\[\boxed{\mathbf{1593}\mathbf{.}}\]
\[f(x) = \sqrt{x};\ \ \frac{1}{2} \leq a \leq 2:\]
\[f^{'}(a) = \left( \sqrt{x} \right)^{'} = \frac{1}{2\sqrt{x}} = \frac{1}{2\sqrt{a}};\]
\[f(a) = \sqrt{a};\]
\[y = \sqrt{a} + \frac{1}{2\sqrt{a}}(x - a) =\]
\[= \sqrt{a} + \frac{x}{2\sqrt{a}} - \frac{a}{2\sqrt{a}} =\]
\[= \frac{2a + x - a}{2\sqrt{a}} = \frac{a + x}{2\sqrt{a}}.\]
\[Пересечение\ с\ x = 3:\]
\[y = \frac{a + 3}{2\sqrt{a}}.\]
\[Вертикальный\ катет:\ \ \]
\[b_{1} = \frac{a + 3}{2\sqrt{a}}.\]
\[Пересечение\ с\ \ Ox\ (y = 0):\]
\[\frac{a + x}{2\sqrt{a}} = 0\]
\[a + x = 0\]
\[x = - a.\]
\[Горизонтальный\ катет:\ \ \]
\[b_{2} = | - a| + 3 = a + 3.\]
\[Площадь\ треугольника:\]
\[S(a) = \frac{1}{2} \bullet b_{1} \bullet b_{2} =\]

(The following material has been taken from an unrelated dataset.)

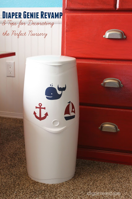For instance, as much as I love all that my new Diaper Genie entails, it was in need of a little nautical TLC. 🙂

\[= \frac{1}{2} \bullet \frac{a + 3}{2\sqrt{a}} \bullet (a + 3) = \frac{(a + 3)^{2}}{4\sqrt{a}} =\]
\[= \frac{a^{2} + 6a + 9}{4a^{\frac{1}{2}}} =\]
\[= \frac{1}{4} \bullet \left( a^{\frac{3}{2}} + 6a^{\frac{1}{2}} + 9a^{- \frac{1}{2}} \right).\]
\[S^{'}(a) =\]
\[= \frac{1}{4} \bullet \left( \left( a^{\frac{3}{2}} \right)^{'} + 6\left( \sqrt{a} \right)^{'} + 9\left( a^{- \frac{1}{2}} \right)^{'} \right) =\]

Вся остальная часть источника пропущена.